*RECORD SET:*
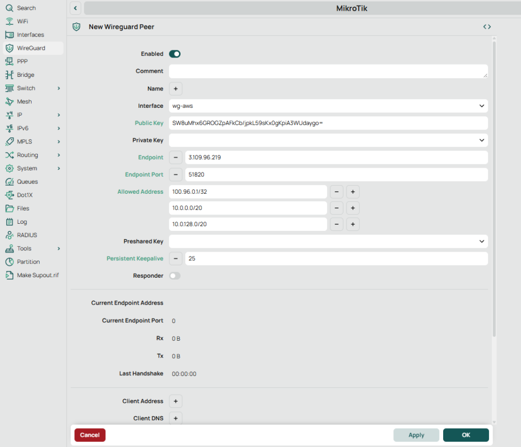 • Public Key: (paste MikroTik WireGuard public key from Step 2)
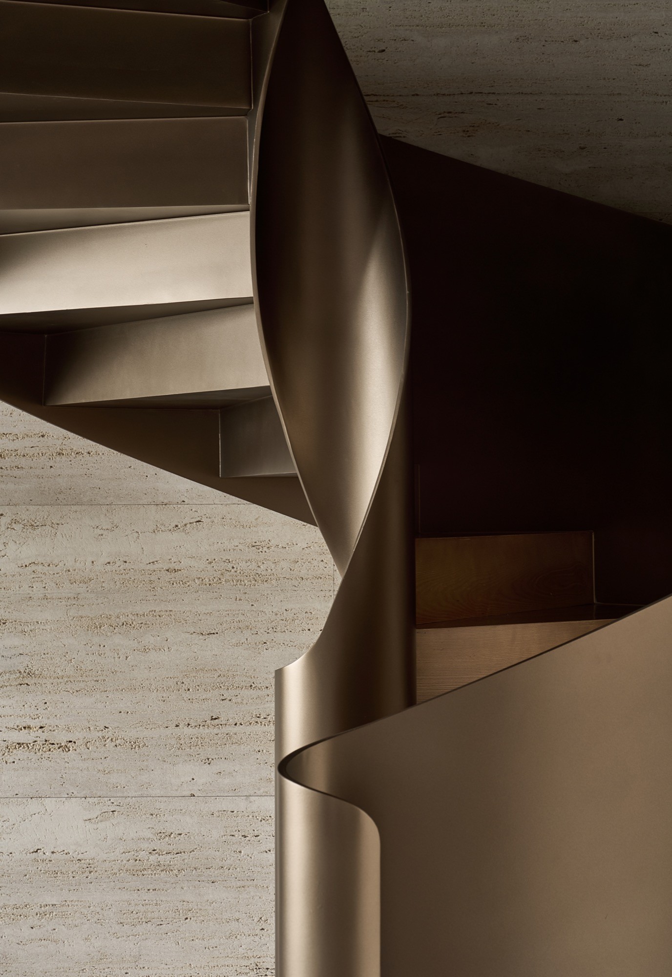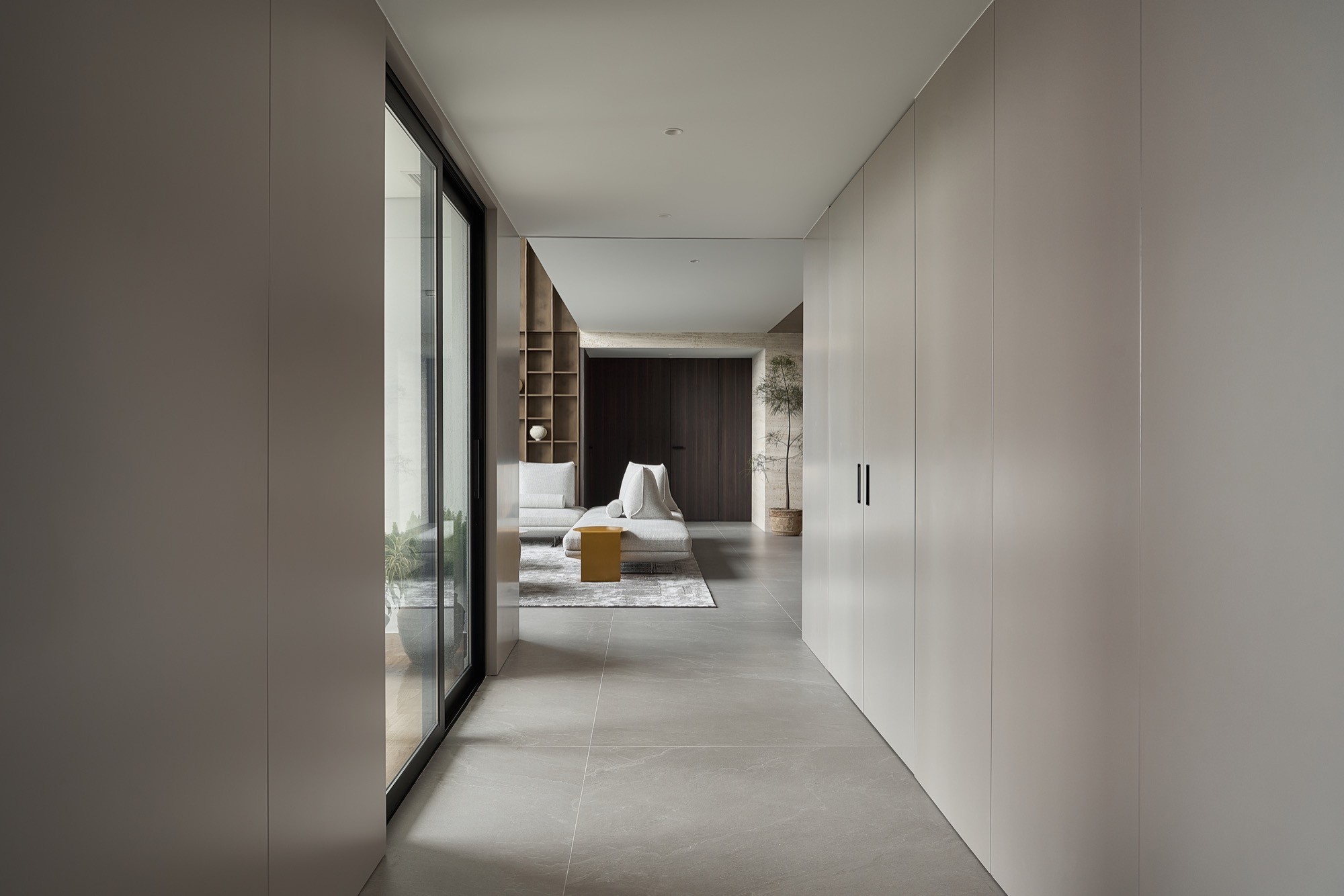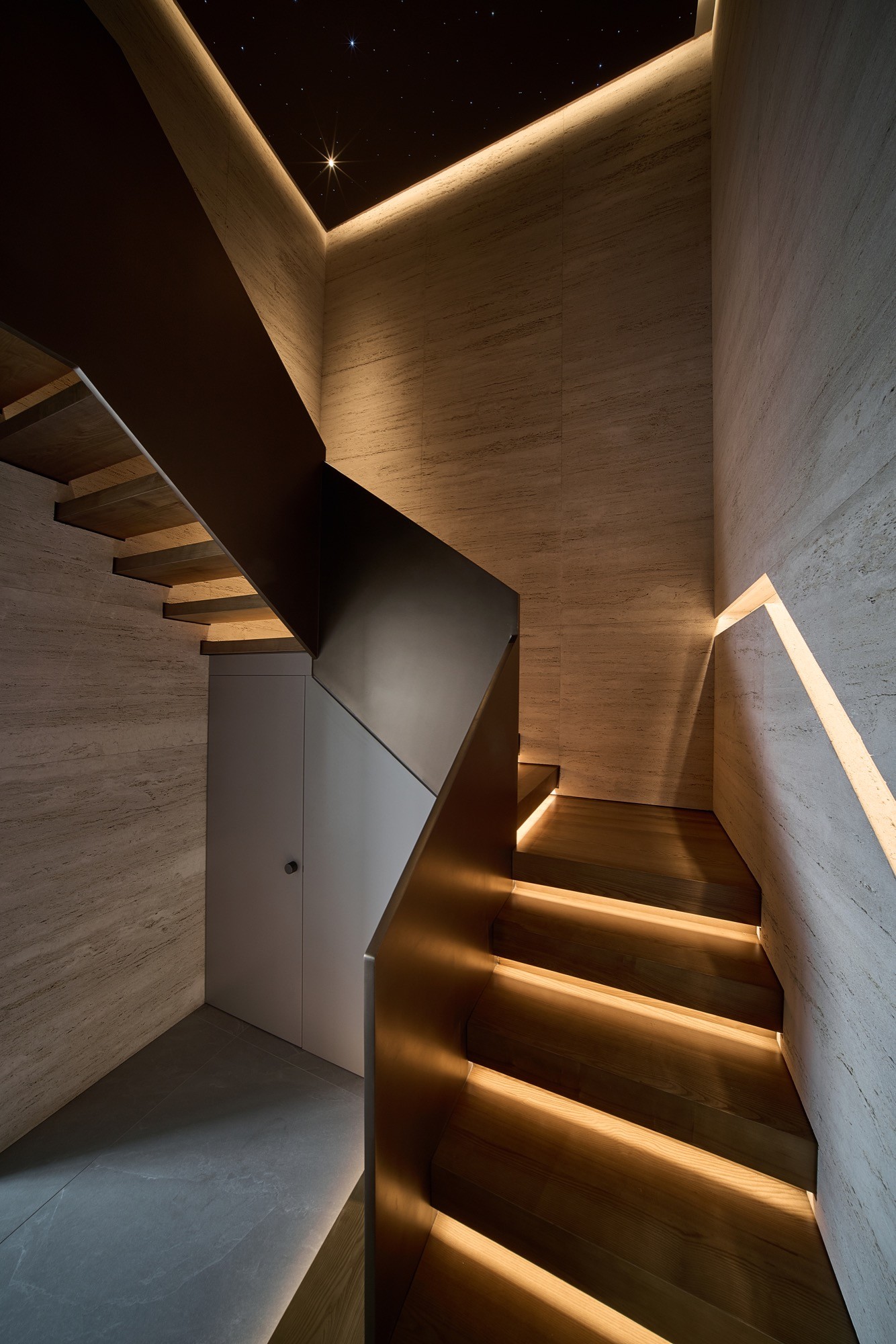 Ở đây, dòng chuyển động không còn bị giới hạn trong mặt bằng, mà được kéo giãn theo chiều cao, len lỏi qua các khoảng thông tầng, cầu thang và những khoảng rỗng đóng vai trò dẫn dắt hơn là ngăn chia. Từ đó, kiến trúc dần định hình như một hành trình mở, vừa riêng tư, vừa liên thông. Một bên là các không gian chức năng được sắp đặt chặt chẽ, bên còn lại mở ra ánh sáng và tầm nhìn, tạo nên sự cân bằng giữa nội tại và ngoại cảnh.
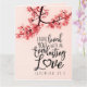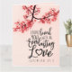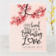 La carte de vœux avec citation inspirante représente une photographie de la nature d'une branche de fleurs roses sur un fond rose. Elle comporte une partie d'un verset biblique encourageant Jérémie 31:3, "Je t'ai aimé d'un amour éternel". Le vœu peut être personnalisé ou supprimé pour une note manuscrite et la carte utilisée pour de nombreuses occasions. Photo de Patrick Shaun.
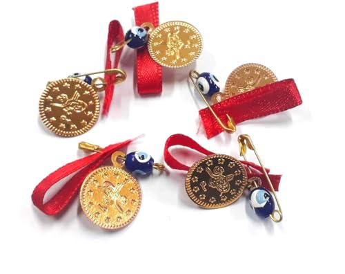 100 st. Nazar Boncuk med emaljerad metall myntpärlor, tugra, säkerhetsnål och sladd, onda ögat, lyckobringare, blått öga, onda ögat, som present till bröllop
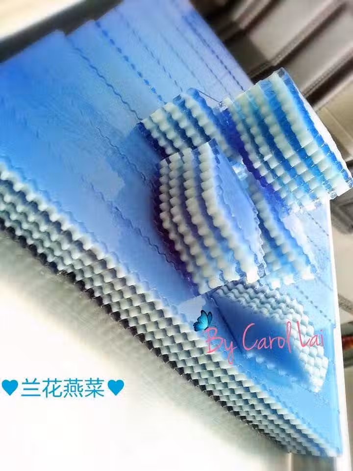 2) 放一層A,等到差不多凝固了就用叉子弄多多個洞空,以妨止燕菜層脫落,然後放一層 B
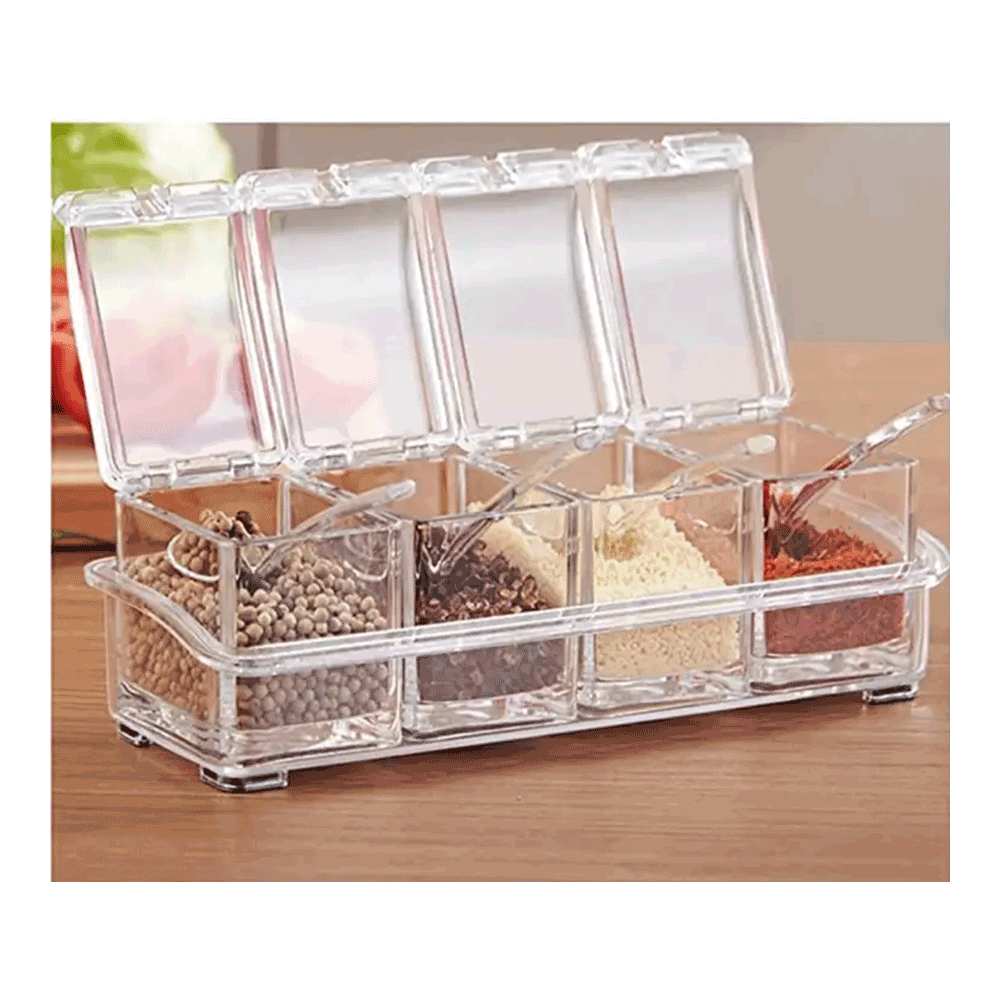 Introducing our 4 Grid Acrylic Seasoning Spice Box Kit with Spoon, perfect for organizing your kitchen spices and condiments. Made with high-quality acrylic material, this crystal clear spice box is not only durable but also adds a touch of elegance to your kitchen. The 4 compartments allow you to store different spices and seasonings, while the included spoon makes it easy to measure and dispense the right amount of seasoning. This spice box is a must-have for any kitchen and is perfect for those who love to cook and experiment with different flavors. Keep your kitchen organized and your spices easily accessible with our 4 Grid Acrylic Seasoning Spice Box Kit with Spoon.
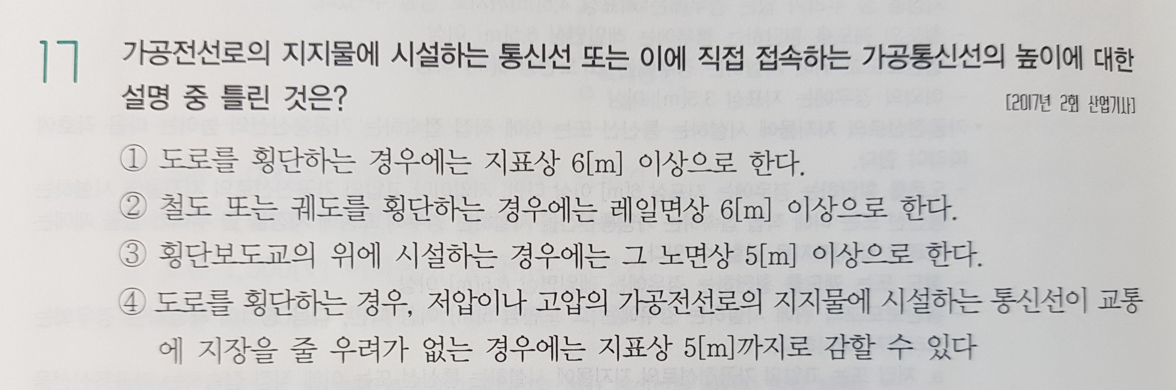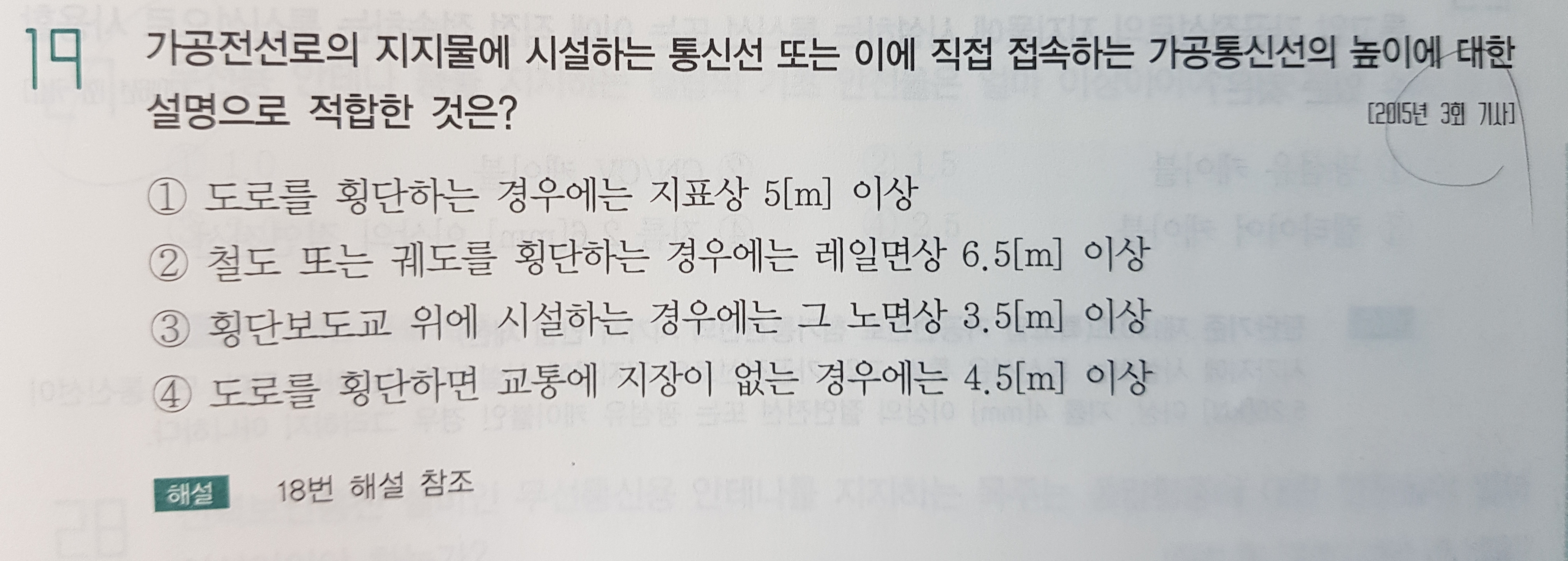 가공전선로의 지지물에 통신선을 시설하는 경우는 횡단보도 위로 3.5m 맞지않나요?
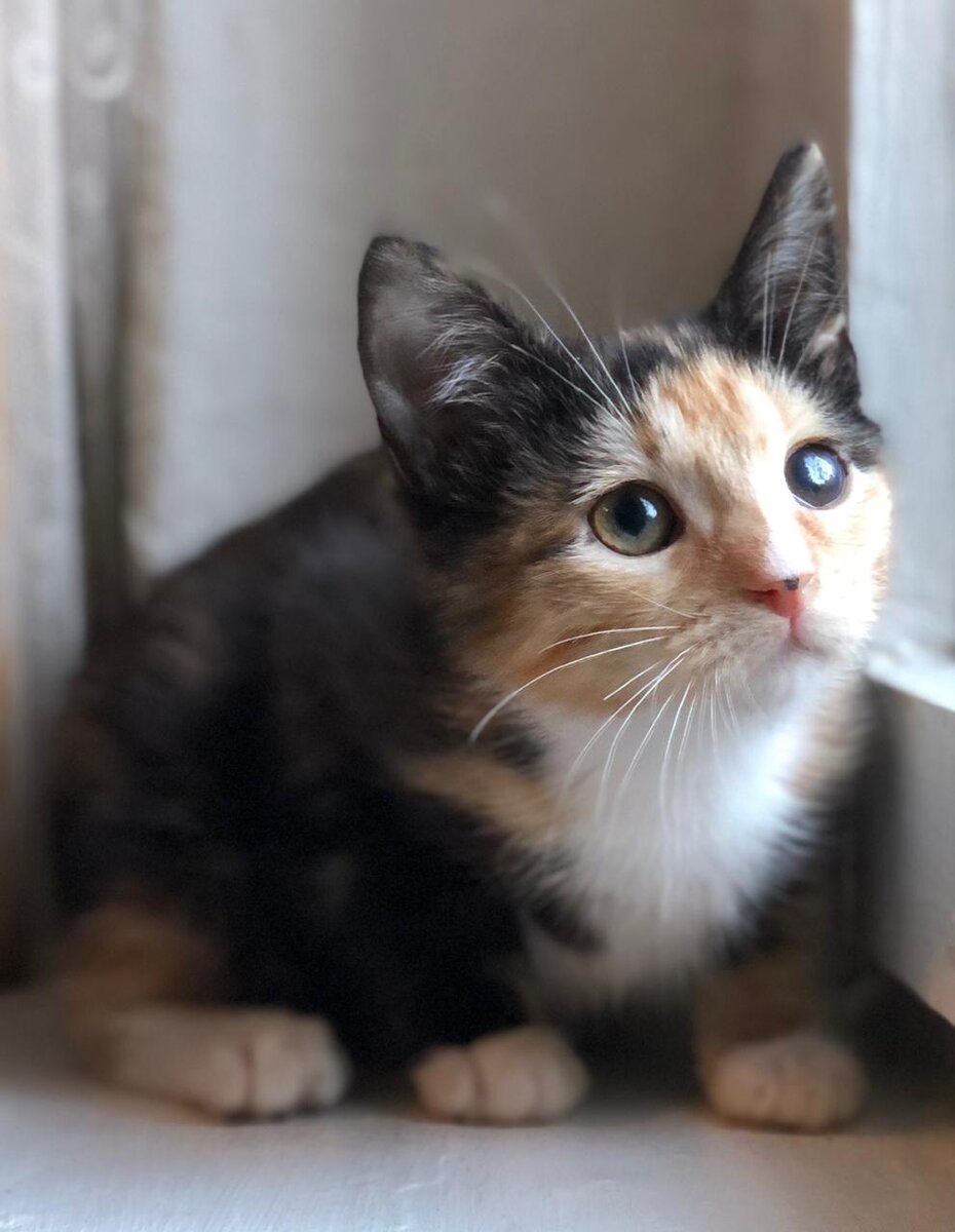 Мы так и зовем ее - Трехцветка. Бегала вместе с рыжим братиком по улице. Малышей поймали, обработали от блох и глистов, подлечили глазки. Последнее время очень много проблем с глазками у котят. Если чуть не успеть помочь, то у них впереди слепота и гибель.
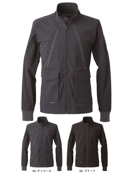 ・ナイロンリップストップ素材で高い耐久性を発揮・タテヨコに伸びる2WAYストレッチでスムーズな動作をサポート・ナイロン特有のマット感とドライタッチで汗ばむ夏にもサラッと着用できる・右胸ファスナーポケット付きで収納性を確保・左袖ペン差しポケットで作業効率アップ・フロント大容量ダブルポケットで実用性も充実
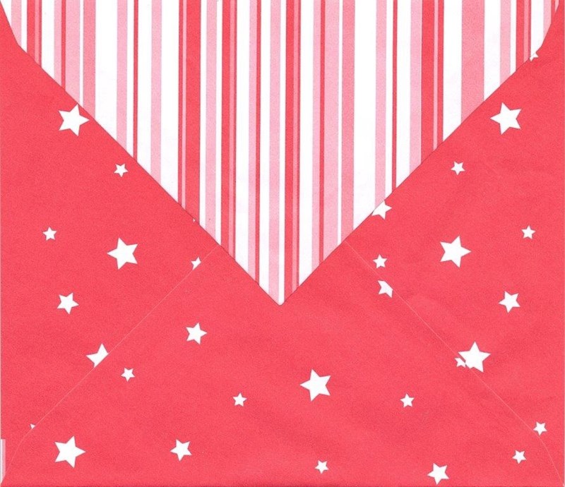 Engelsk innsidetekst og dekorerte konvolutter.
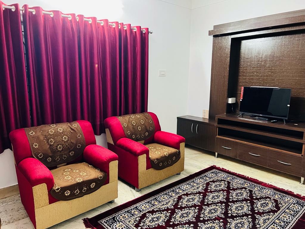 Welkom in mijn volledig ingerichte, comfortabele woning met 2 slaapkamers en 2 badkamers in North Bangalore, geschikt voor maximaal 6 personen. Elke slaapkamer is voorzien van een tweepersoonsbed en de woonkamer is voorzien van een slaapbank, led-tv, UPS-omvormer en Urban Ladder meubels. De keuken is uitgerust met een LG koelkast, broodrooster, inductiekookplaat en essentieel keukengerei. Het basistarief dekt twee gasten, met extra kosten voor meer gasten (maximaal zes). Deze gezellige en betaalbare Airbnb combineert comfort en eenvoud zonder luxe hotel extra's.

*TASK ITEM:* Only one stretch of the listing is wanted: the lines starting at the one with "Мы так и зовем" and ending at the one with "Engelsk innsidetekst og", copied exactly and free of pictures.

*RESPONSE TO THE TASK:*
 Мы так и зовем ее - Трехцветка. Бегала вместе с рыжим братиком по улице. Малышей поймали, обработали от блох и глистов, подлечили глазки. Последнее время очень много проблем с глазками у котят. Если чуть не успеть помочь, то у них впереди слепота и гибель.
 ・ナイロンリップストップ素材で高い耐久性を発揮・タテヨコに伸びる2WAYストレッチでスムーズな動作をサポート・ナイロン特有のマット感とドライタッチで汗ばむ夏にもサラッと着用できる・右胸ファスナーポケット付きで収納性を確保・左袖ペン差しポケットで作業効率アップ・フロント大容量ダブルポケットで実用性も充実
 Engelsk innsidetekst og dekorerte konvolutter.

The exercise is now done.